In business, ROI often is shorthand for return on investment, but in healthcare, it also can mean release of information.
Manhattan lawyer Lowell Sidney got a shock when the mail delivered a weighty package containing 1,758 pages of his 71-year-old client's medical records for which ROI costs were $2,693.68, including shipping and handling.
The charges were based on a payment rate of $1.50 a page, the suit alleges.
That's double the $0.75 per page rate limit set by New York and a violation of state law, Sidney said. And at those prices, Sidney said the goods were thoroughly scrutinized.
“They charged me not only for the HIPAA authorization,” his client had signed, “but the cover letter that I sent them,” Sidney said.
Sidney said he paid the tab, then filed a class-action suit against Columbia Presbyterian Medical Center and IOD Inc., of Green Bay, Wis., a document management vendor that provided release of information services for the New York City hospital.
The suit claims through the plaintiffs' “wrongful and unlawful conduct” they've received “substantial profits and windfalls” and have been “unjustly enriched at the expense of plaintiff and members of her class.”
This isn't a malpractice case, Sydney stressed, at least not against the hospital, part of the New York Presbyterian Healthcare System.
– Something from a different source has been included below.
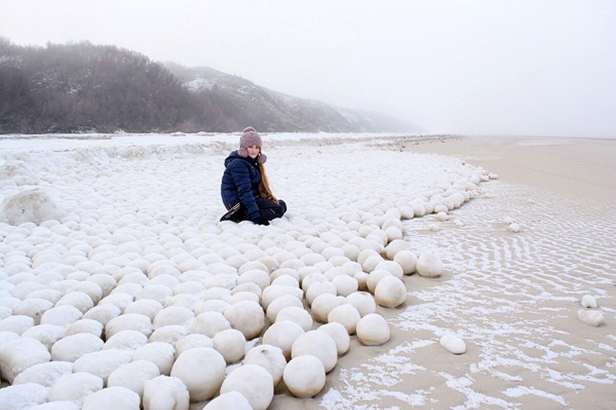 На побережьях морей и крупных озёр иногда можно увидеть десятки, а то и сотни идеально гладких ледяных шаров, разбросанных по пляжу. Их размер варьируется от теннисного мяча до метра в диаметре. Для случайного наблюдателя зрелище выглядит искусственным: кажется, будто кто-то вылепил снежки гигантских размеров и аккуратно уложил их на песок.

He said clinicians provided “top notch” care to his client, Vicky Ortiz, after she arrived there by ambulance from a rehab center where she was mistreated, according to Sidney.
“The only allegation is that the administrators and the vendor they chose are running -- I don't know what it is," Sydney said. "It's extortion. They have a monopoly on the medical records. If I don't pay, I don't get the medical records.”
The complaint alleges thousands of individuals have been similarly overcharged for copies of their records.
“I predict I will be adding many more defendants to this list,” Sidney said. After news of the suit had broken in the New York newspapers, "an attorney called me yesterday and said he paid $2.25 a page,” Sidney said. “I think it's rampant in the industry.”
And in fact, a recent JAMA article discussed the financial and convenience barriers to obtaining medical records.
Sidney might be right.
The Office for Civil Rights at HHS last year issued guidance to providers suggesting that a flat fee of $6.50 for digital records, no matter their size, is appropriate.
“Most hospitals have outsourced their release of information to third parties,” said Kathy Downing, senior director for information governance to the American Health Information Management Association, a professional organization for medical records workers and managers. “Third parties are unhappy about this (OCR) guidance because they make their money by charging as much as they can to attorneys and third-party requesters.
But, Downing said, “A person has a right to direct their information to another person. They shouldn't be charged more because they want the information to go to an attorney.”
Columbia Presbyterian and IOD, which merged in 2016 with three other companies to become Ciox, based in Alpharetta, Ga., did not respond to requests for comment at deadline.